Question

There is an interesting story involving Blaise Pascal, Pierre Fermat, and the Chevalier de Mere. Consider the events A = {at least one ‘one’ would appear when four six- sided dice are rolled} and B = {a pair of ‘ones’ would appear at least once when two six-sided dice are rolled 24 times}. In the 1600s, French gamblers bet on whether event A will occur. They also bet on whether event B will happen. Many thought that these two events were equally likely. The Chevalier de Mere was one among probably many who thought these two games had an equal chance of success. Was he right? Compute Pr(A) and Pr(B) to justify your answer.

Answer 1

No he was not right

Explanation:

Probability of not getting one in one roll in dice is = 5/6

Therefore probability of not getting one in four roll of a dice is

= (5/6) ⁴ = 0.4823

Since the roll of dice is independent events

Now probability of getting at least one 'one' when four six sided dice are rolled

= 1 - probability of not getting one in four roll of a dice

= 1 - 0.4823

= 0.5177

Therefore Pr(A) = 0.5177

Now , we examine the probability of getting no double-six in a roll of a pair of dice.
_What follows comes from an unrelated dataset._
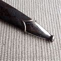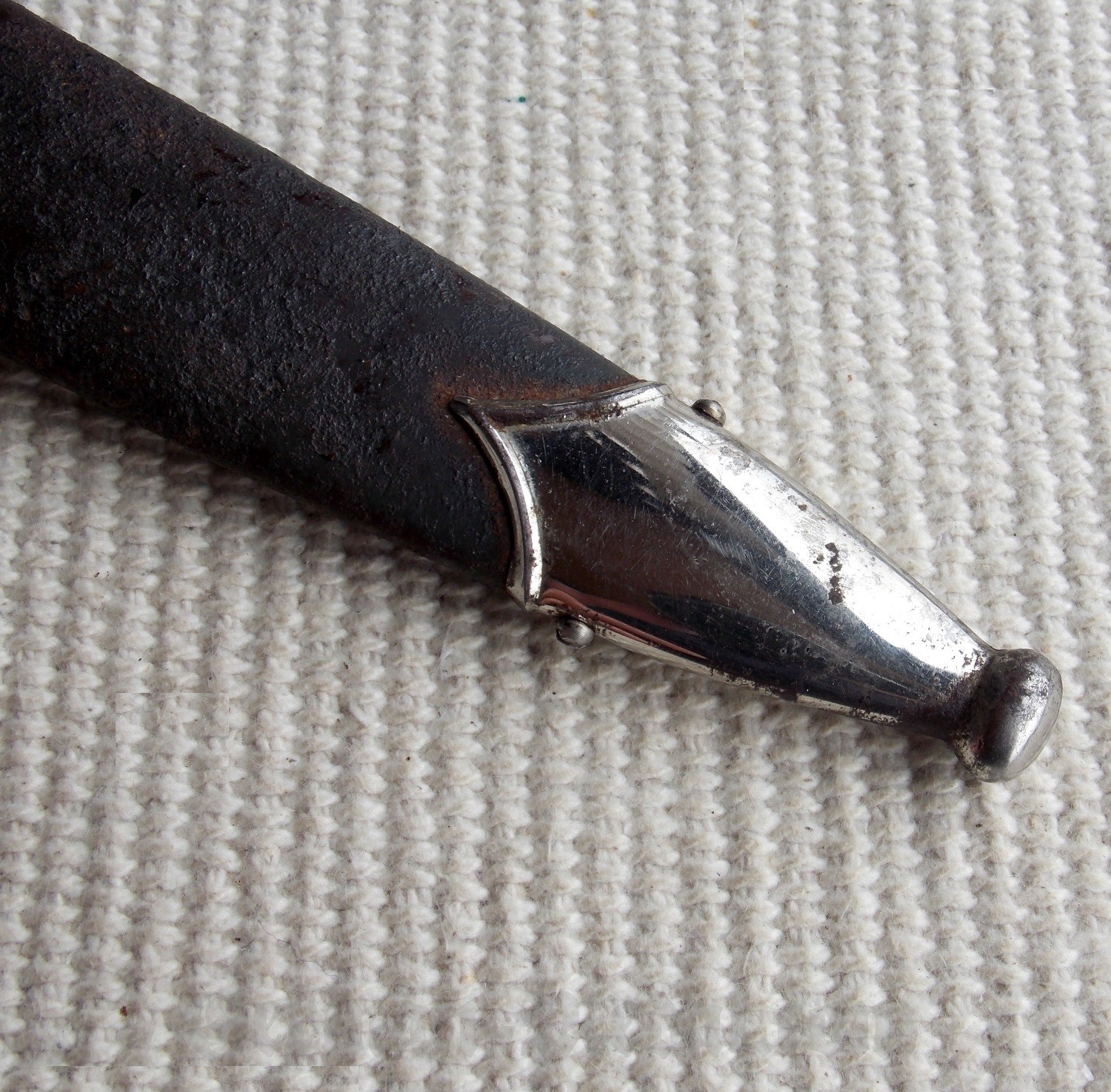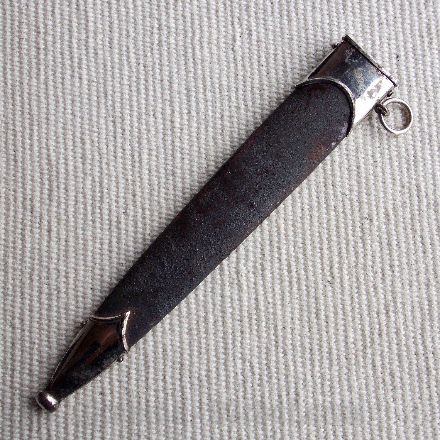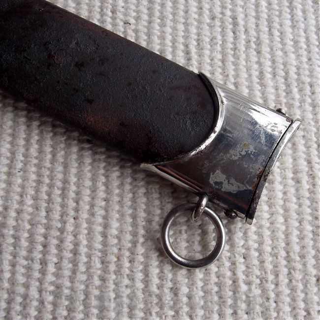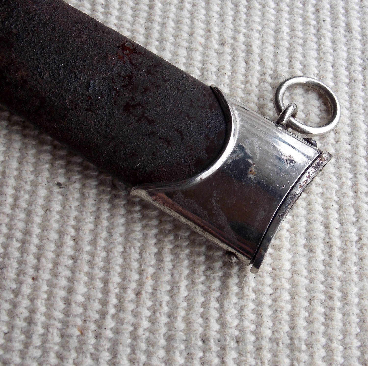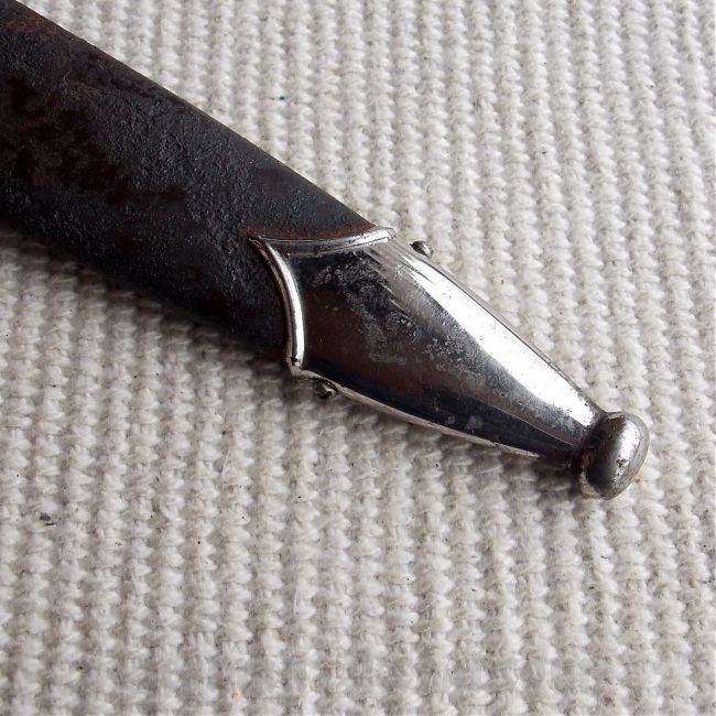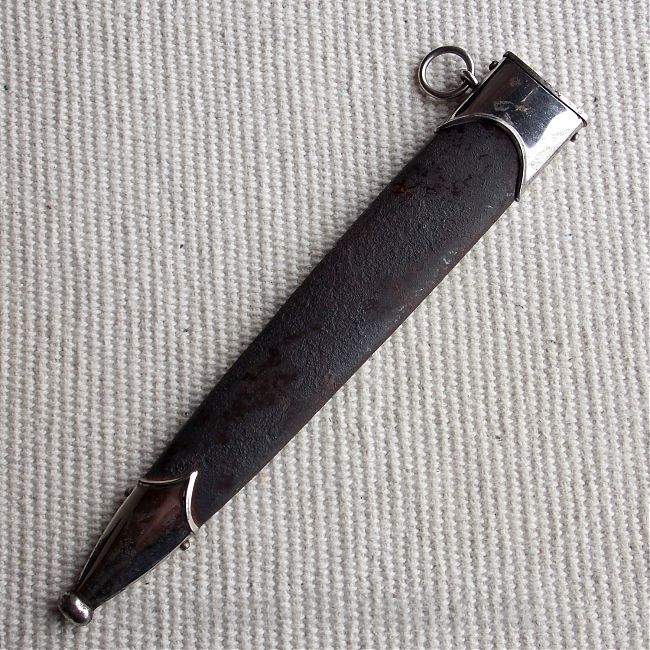 Ножны стальные, в оригинальном коричневом окрасе, с магнитными никелированными накладными наконечником и устьем с кольцом. На поверхности присутствует налет коррозии, но металл прочный, не "трухлявый". Наконечник и устье ножен крепятся  при помощи двух винтов, шарик на наконечнике не деформирован. Внутренняя пружина в рабочем состоянии, клинок кинжала входит плотно, не болтается.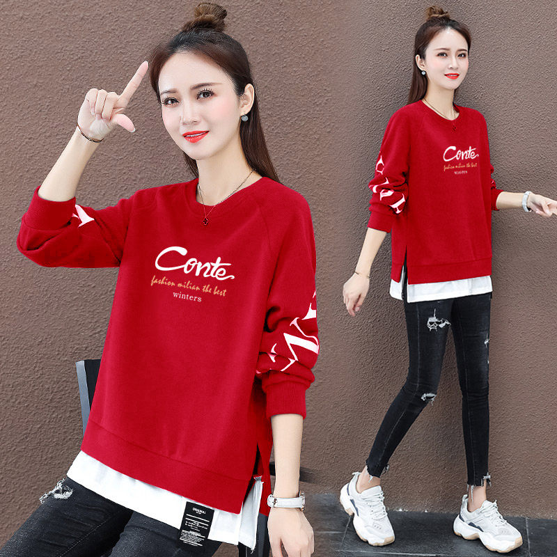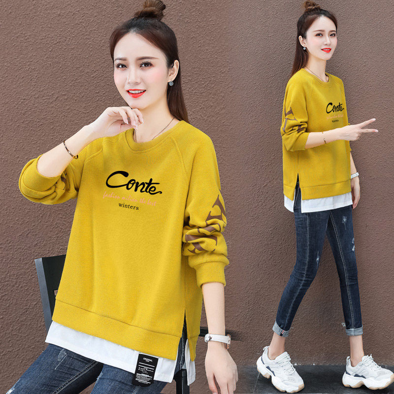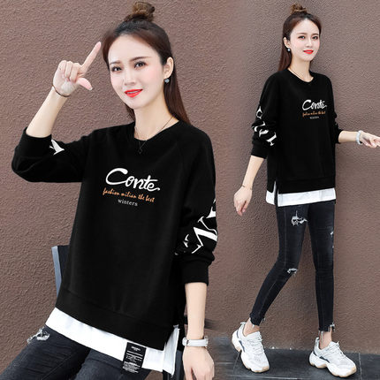 纯棉长袖卫衣女大码宽松秋冬季新款洋气减龄加绒假两件外套上衣潮

When rolling two 6 sides dice there are possible 6 ² = 36 outcomes .Only one outcome is getting one in both dices .Therefore probability of not getting one on both dice in one roll is = 35/36

Therefore probability of not getting double one in 24 rolls is

= (35/36) ²⁴

= 0.5086

Probability of at least getting one double one in 24 rolls is

= 1 - probability of not getting double one in 24 rolls

= 1 - 0.5086

= 0.4914

Therefore Pr(B) = 0.4914

From the above calculations we can say probabilities are different andthe second probability is smaller.Therefore this two games had not an equal chance of success.